One of Routh’s colleagues believes even year voting is good for democracy because it increases the likelihood that voters from minority and disadvantaged communities have a say in who represents them on a city council or as mayor.
Advancing democratic values
“If we care about political participation and define democracy in part by voting, then even-year voting advances that,” said Larry Giventer, professor emeritus in Stanislaus State’s department of political science, public administration & leadership studies. “... It can mean a lot to minority communities.”
Giventer also believes turnout will be high because of Trump. “The presidential race is dominating everything,” he said, “and I think that will lead to high participation.”
Odd-year elections are a vestige from the Progressive Era from more than a century ago. Local elections were moved from even years to odd years to make them less political and more focused on local issues. Local elections also became nonpartisan.
Routh said reformers were trying to root out corruption from big city political machines, which were primarily Democratic, but in some cases Republican. That corruption included buying votes and rewarding supporters who got out the vote with government jobs.
The reform effort also gave California the ballot proposition.
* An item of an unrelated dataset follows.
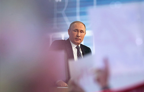Президент России Владимир Путин в одиннадцатый раз отвечает на вопросы российских и иностранных журналистов в рамках ежегодной пресс-конференции

There are a dozen propositions on the Nov. 3 ballot, from Proposition 14 regarding the funding of stem cell research to Proposition 25, which asks voters whether they support a 2018 law that replaces money bail with an assessment of defendants’ flight risk and danger to the public if they are released before trial.
Ceres also has moved from odd- to even-year elections in response to the California Voter Participation Rights Act. Stanislaus County’s seven other cities already were holding even-year elections.